__WHAT TO DO__. When you reach the line in the data below that contains "بحث رئيس الجمهورية", please start repeating lines exactly, and stop after the line that contains "The idea of", repeating nothing else.

__RAW DATA__.
###

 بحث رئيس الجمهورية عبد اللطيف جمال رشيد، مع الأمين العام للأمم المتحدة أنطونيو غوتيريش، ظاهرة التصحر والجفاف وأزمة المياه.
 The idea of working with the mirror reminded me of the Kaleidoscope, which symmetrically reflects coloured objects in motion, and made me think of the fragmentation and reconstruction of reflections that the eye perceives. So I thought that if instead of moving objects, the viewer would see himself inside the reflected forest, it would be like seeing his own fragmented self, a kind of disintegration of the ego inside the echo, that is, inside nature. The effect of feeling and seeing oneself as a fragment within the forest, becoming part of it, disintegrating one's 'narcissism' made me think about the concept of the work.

###

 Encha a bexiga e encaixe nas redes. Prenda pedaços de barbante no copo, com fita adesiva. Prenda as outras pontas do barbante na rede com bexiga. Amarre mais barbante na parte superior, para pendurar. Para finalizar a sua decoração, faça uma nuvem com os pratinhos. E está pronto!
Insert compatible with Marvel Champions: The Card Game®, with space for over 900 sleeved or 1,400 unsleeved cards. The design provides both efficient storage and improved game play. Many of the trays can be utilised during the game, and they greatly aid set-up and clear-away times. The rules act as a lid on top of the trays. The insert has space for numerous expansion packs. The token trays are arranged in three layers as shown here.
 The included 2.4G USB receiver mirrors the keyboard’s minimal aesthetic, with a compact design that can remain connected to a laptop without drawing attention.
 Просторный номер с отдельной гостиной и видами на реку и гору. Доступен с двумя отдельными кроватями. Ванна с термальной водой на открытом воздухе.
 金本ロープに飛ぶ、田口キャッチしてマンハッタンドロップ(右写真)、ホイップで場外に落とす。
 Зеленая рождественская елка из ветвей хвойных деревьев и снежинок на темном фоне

###

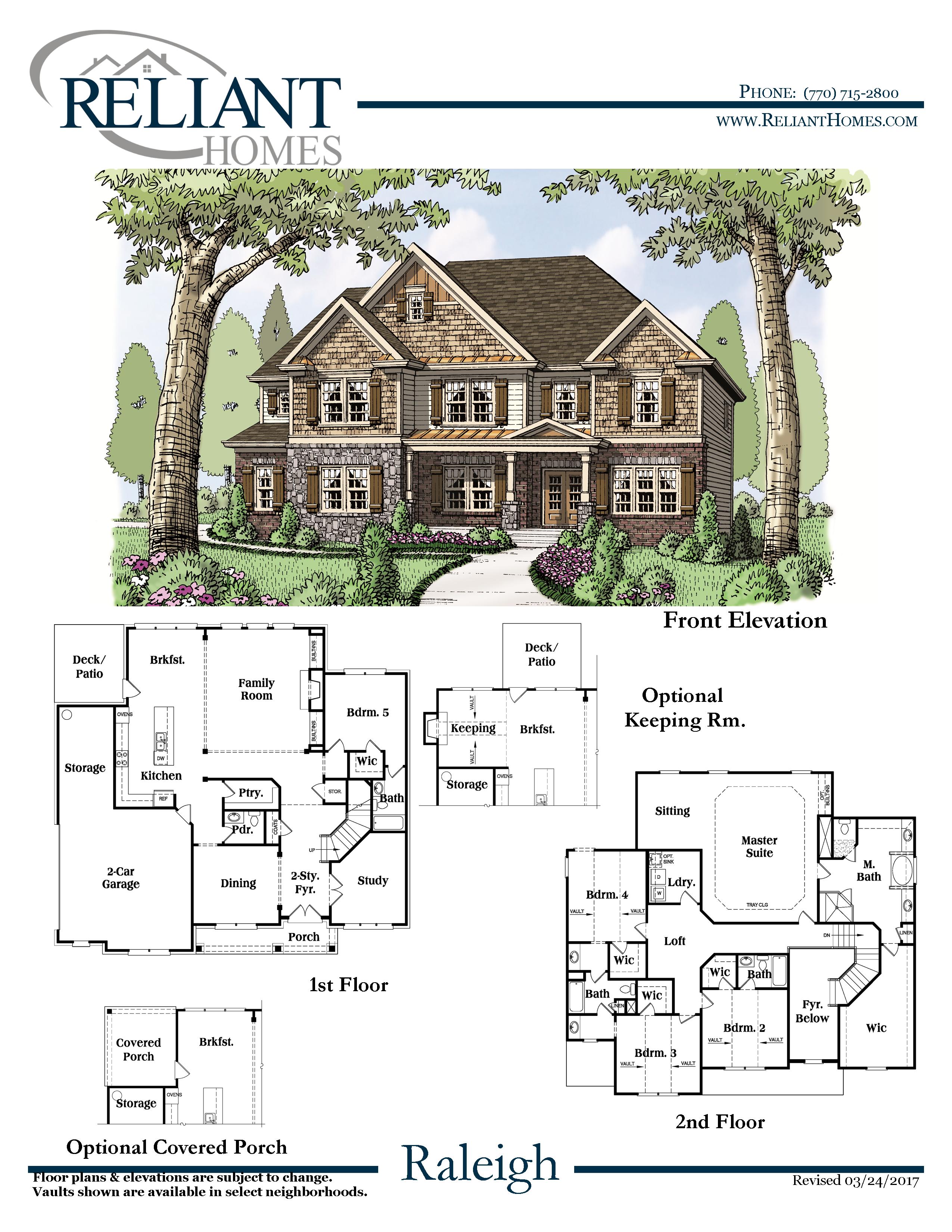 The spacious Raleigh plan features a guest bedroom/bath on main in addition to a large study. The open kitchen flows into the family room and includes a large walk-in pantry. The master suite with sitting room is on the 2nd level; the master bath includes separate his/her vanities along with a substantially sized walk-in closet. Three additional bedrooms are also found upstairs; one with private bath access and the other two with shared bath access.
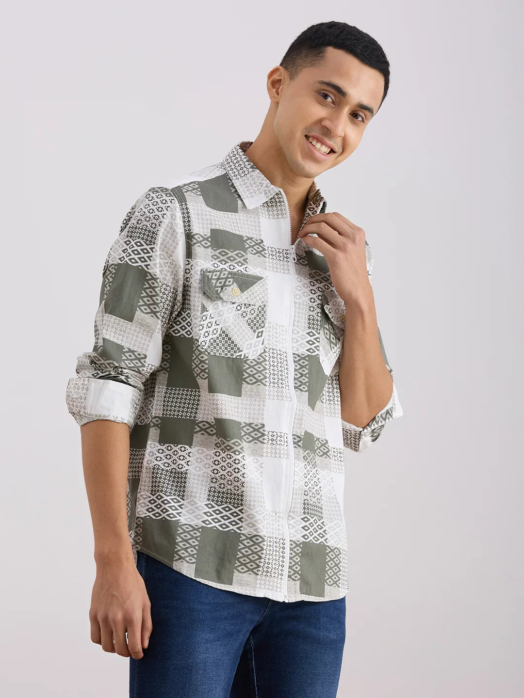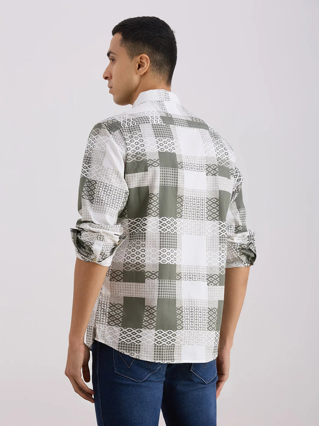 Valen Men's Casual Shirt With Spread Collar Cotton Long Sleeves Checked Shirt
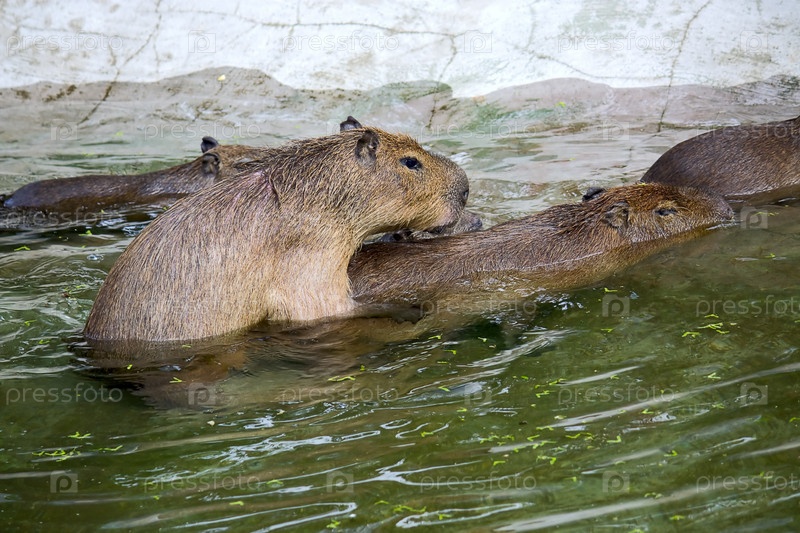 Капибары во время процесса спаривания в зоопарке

###

__FINAL ANSWER__.
 بحث رئيس الجمهورية عبد اللطيف جمال رشيد، مع الأمين العام للأمم المتحدة أنطونيو غوتيريش، ظاهرة التصحر والجفاف وأزمة المياه.
 The idea of working with the mirror reminded me of the Kaleidoscope, which symmetrically reflects coloured objects in motion, and made me think of the fragmentation and reconstruction of reflections that the eye perceives. So I thought that if instead of moving objects, the viewer would see himself inside the reflected forest, it would be like seeing his own fragmented self, a kind of disintegration of the ego inside the echo, that is, inside nature. The effect of feeling and seeing oneself as a fragment within the forest, becoming part of it, disintegrating one's 'narcissism' made me think about the concept of the work.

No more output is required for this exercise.